Measure wall-clock time and peak extra memory for n ∈ {10^4, 10^5, 10^6, 10^7} on a seeded random array (every value twice plus one single). Report a table and identify where the hash set's memory becomes the bottleneck.
Starter — Python.
import random
import time
from functools import reduce
from operator import xor
from typing import List
def gen_pairs(n: int, seed: int) -> List[int]:
r = random.Random(seed)
base = [r.randint(0, 2**31 - 1) for _ in range(n)]
arr = base + base + [123456789] # everything twice plus one single
r.shuffle(arr)
return arr
def xor_all(nums):
return reduce(xor, nums, 0)
def hash_set_single(nums):
seen = set()
for x in nums:
if x in seen:
seen.discard(x)
else:
seen.add(x)
# TODO: return the remaining element
return next(iter(seen)) if seen else 0
def sort_scan_single(nums):
s = sorted(nums)
# TODO: scan adjacent pairs; return the unpaired element
i = 0
while i + 1 < len(s):
if s[i] != s[i + 1]:
return s[i]
i += 2
return s[-1]
def bench(fn, nums) -> float:
start = time.perf_counter()
fn(nums)
return time.perf_counter() - start
def mean_ms(samples: List[float]) -> float:
return sum(samples) / len(samples) * 1000.0
def main() -> None:
print("n xor_ms hashset_ms sort_ms")
for n in [10_000, 100_000, 1_000_000, 10_000_000]:
nums = gen_pairs(n, 42)
rx = [bench(xor_all, nums) for _ in range(3)]
rh = [bench(hash_set_single, nums) for _ in range(3)]
rs = [bench(sort_scan_single, nums) for _ in range(3)]
print(f"{len(nums):<12d} {mean_ms(rx):<12.2f} {mean_ms(rh):<13.2f} {mean_ms(rs):<10.2f}")
if __name__ == "__main__":
main()
Evaluation criteria. - Same seed produces the same array across Go, Java, and Python. - All three methods agree on the single element. - XOR-all is fastest and uses O(1) extra memory; the hash set's memory grows with n (report peak). - Report includes the mean across at least 3 runs and does not time array generation. - Writeup: a short note on why XOR-all wins on memory and never overflows.

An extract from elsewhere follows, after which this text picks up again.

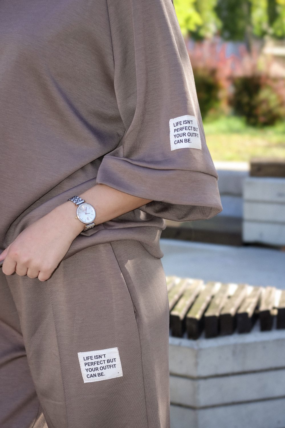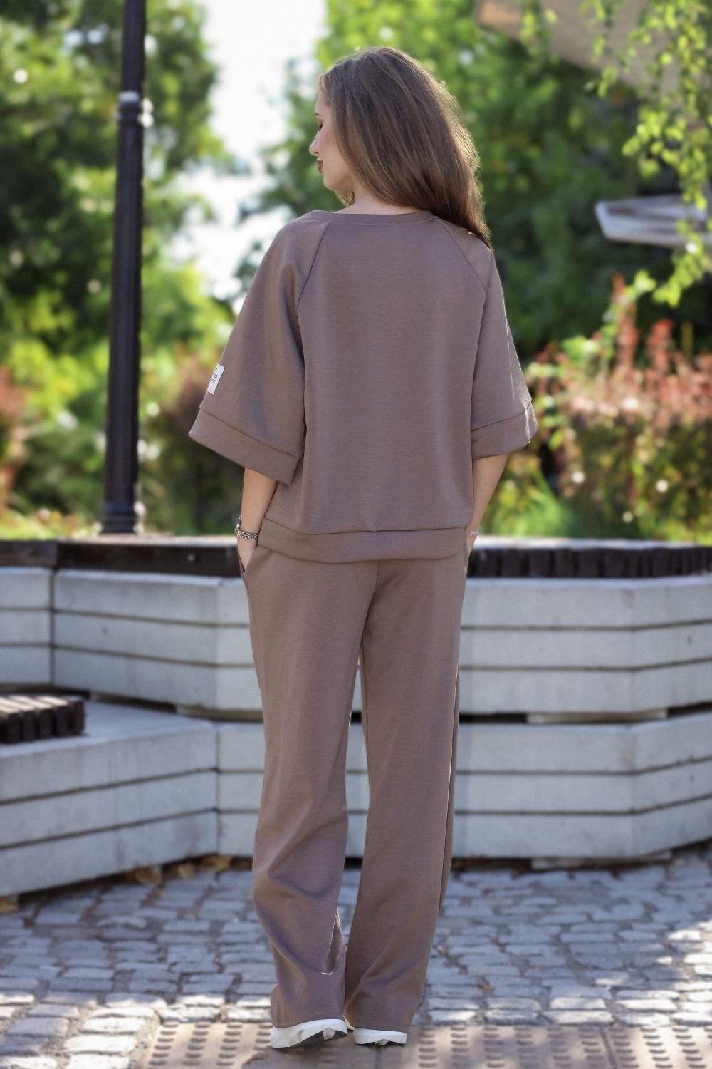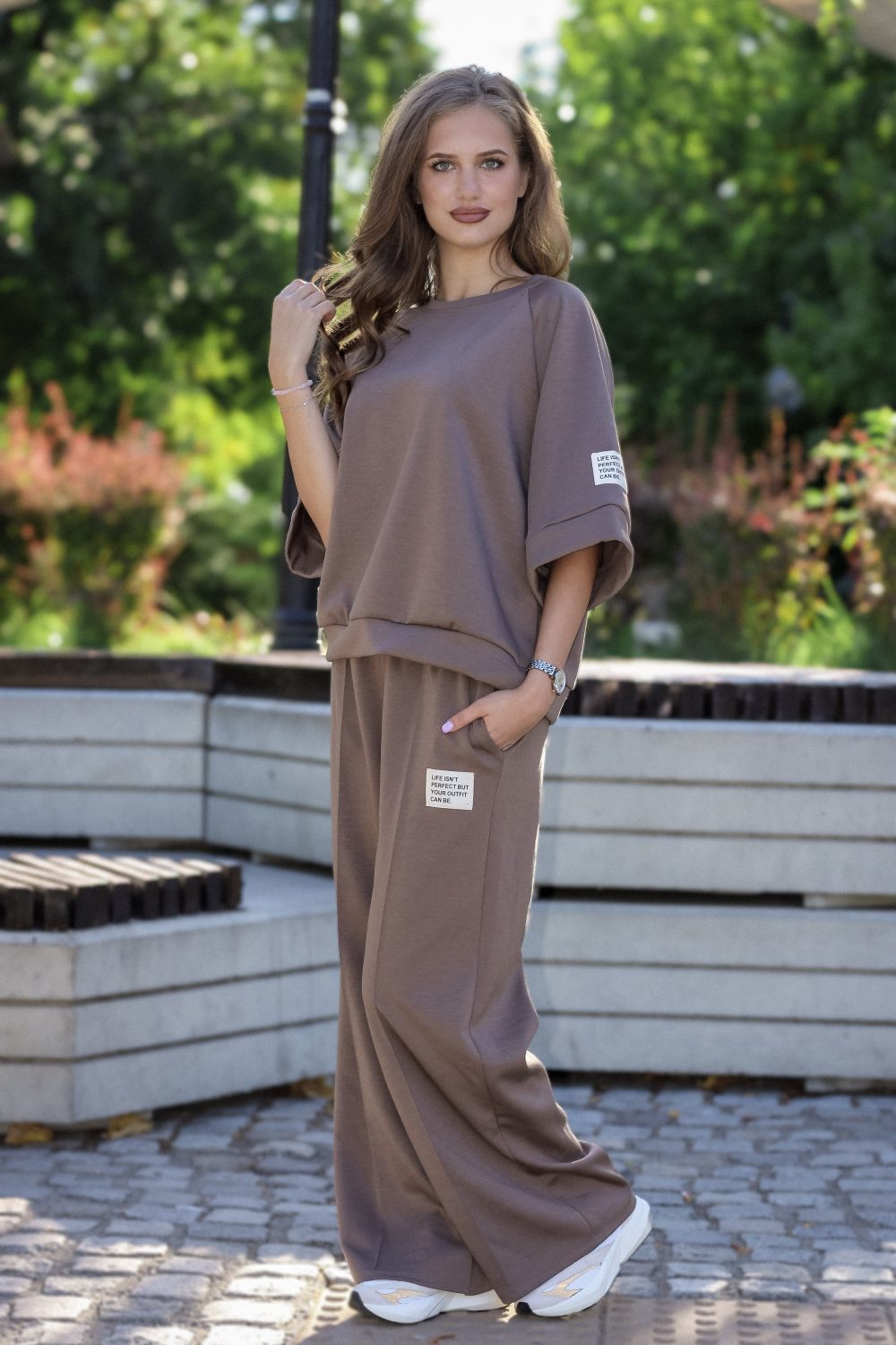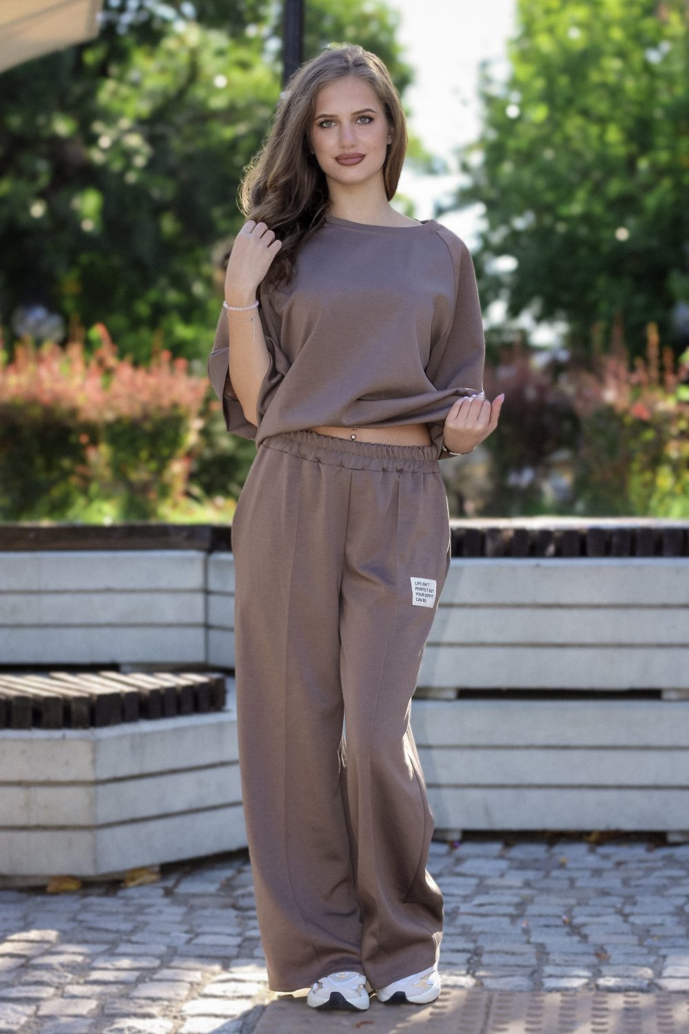 Дамски спортен комплект “Relax” от две части: суичър с широк ръкав и палацо панталон в кафяво арт.1469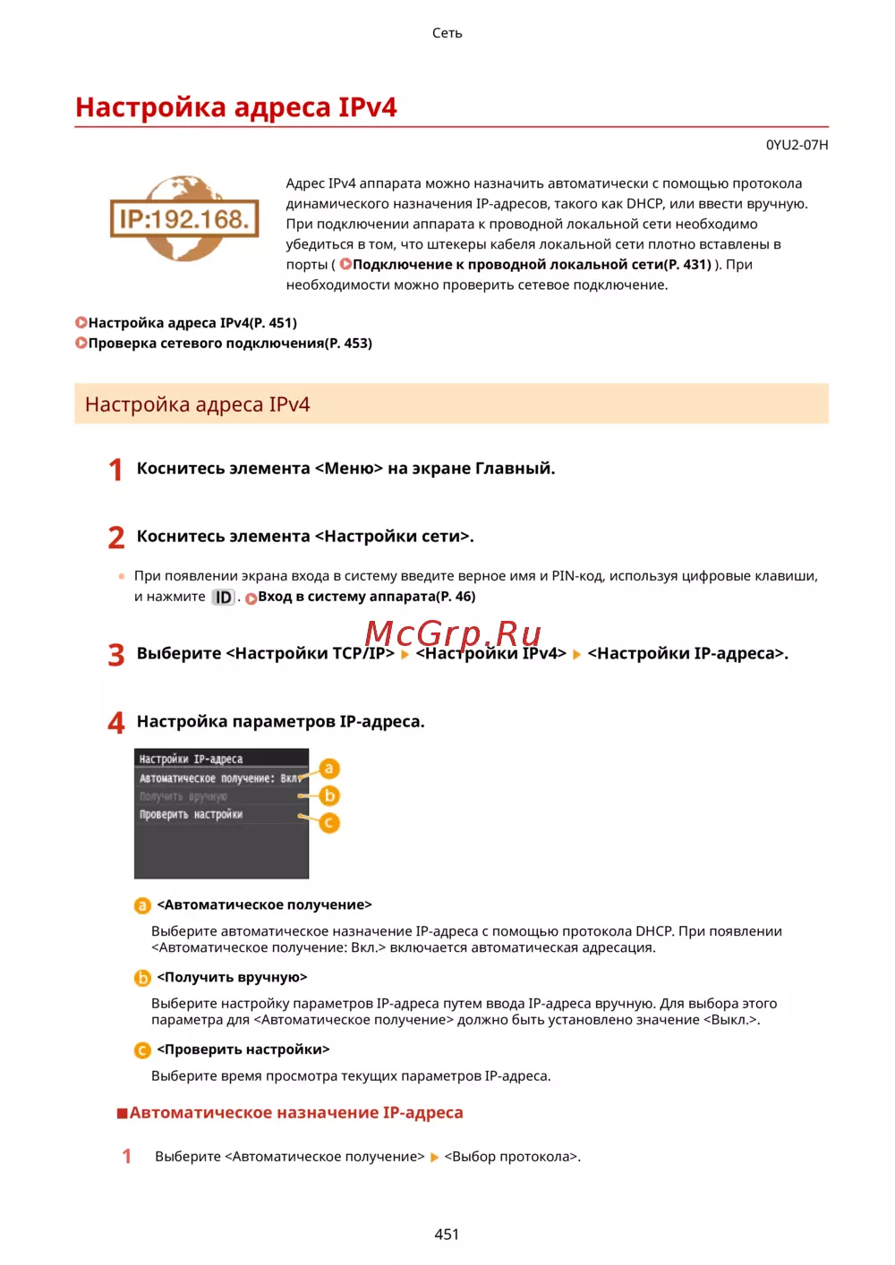 Canon i-Sensys MF416dw Лазерный \ светодиодный, Серый, Черно-белая, А4 — настройка адреса IPv4: автоматическое и ручное назначение [461/949]

General Guidance for All Tasks¶
- Always validate against the counting oracle first. Every task above ships with (or references) a
Counter-based oracle. Run it on small inputs, diff, and only then trust the XOR version at scale. - Pin constants as named values. Use a documented 32-bit mask (
0xFFFFFFFF) and hash constant where needed; never inline magic numbers. - Seed the accumulator at the identity
0. XOR-all over an empty array must return0; the seed documents the identity element. - Match the trick to the multiplicity. Twice → XOR-all;
ktimes → count bits modk; two singles → split byx & -x. - Mind precedence and signedness. Parenthesize
^expressions (it binds loosely). In Python mask negatives to a fixed width; in Java/Go beware signed shifts (>>>vs>>). - Never use XOR where you need counts or integrity. XOR is parity-blind and linear: it cannot recover multiplicity (use a counter) or detect tampering (use a MAC) — Task 15 is the trap.
- Reuse the building blocks.
xorAll,xorUpTo,prefixXor, andgraycover most of the surface; write them once, test them hard, and compose.
Each task must be implemented and tested in Go, Java, and Python, with identical outputs across all three on the same seeded inputs.